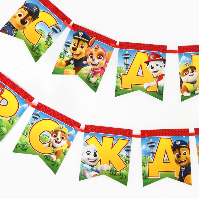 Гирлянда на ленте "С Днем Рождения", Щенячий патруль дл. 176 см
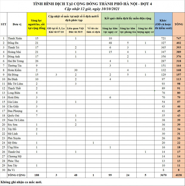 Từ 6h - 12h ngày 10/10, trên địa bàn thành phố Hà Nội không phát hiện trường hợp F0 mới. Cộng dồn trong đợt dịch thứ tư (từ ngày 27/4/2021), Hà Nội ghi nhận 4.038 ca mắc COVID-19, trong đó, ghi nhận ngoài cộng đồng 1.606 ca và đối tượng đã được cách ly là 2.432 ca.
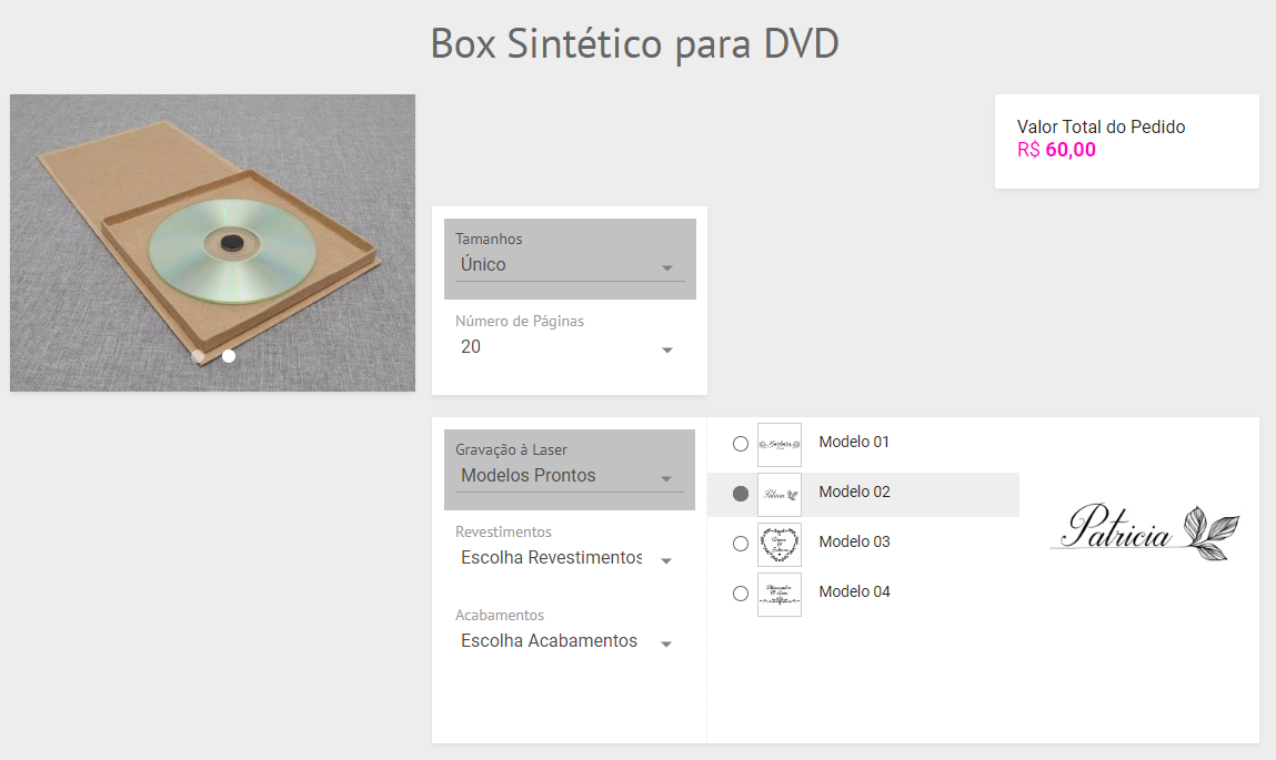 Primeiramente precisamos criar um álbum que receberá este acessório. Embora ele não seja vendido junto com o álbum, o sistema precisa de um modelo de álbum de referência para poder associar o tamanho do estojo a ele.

▶ WORK REQUIRED: Starting at the top of the listing above, please restate word for word each line up to and including the one that holds "Từ 6h - 12h", omitting every image.

▶ SOLUTION FOR THIS TASK:
 Гирлянда на ленте "С Днем Рождения", Щенячий патруль дл. 176 см
 Từ 6h - 12h ngày 10/10, trên địa bàn thành phố Hà Nội không phát hiện trường hợp F0 mới. Cộng dồn trong đợt dịch thứ tư (từ ngày 27/4/2021), Hà Nội ghi nhận 4.038 ca mắc COVID-19, trong đó, ghi nhận ngoài cộng đồng 1.606 ca và đối tượng đã được cách ly là 2.432 ca.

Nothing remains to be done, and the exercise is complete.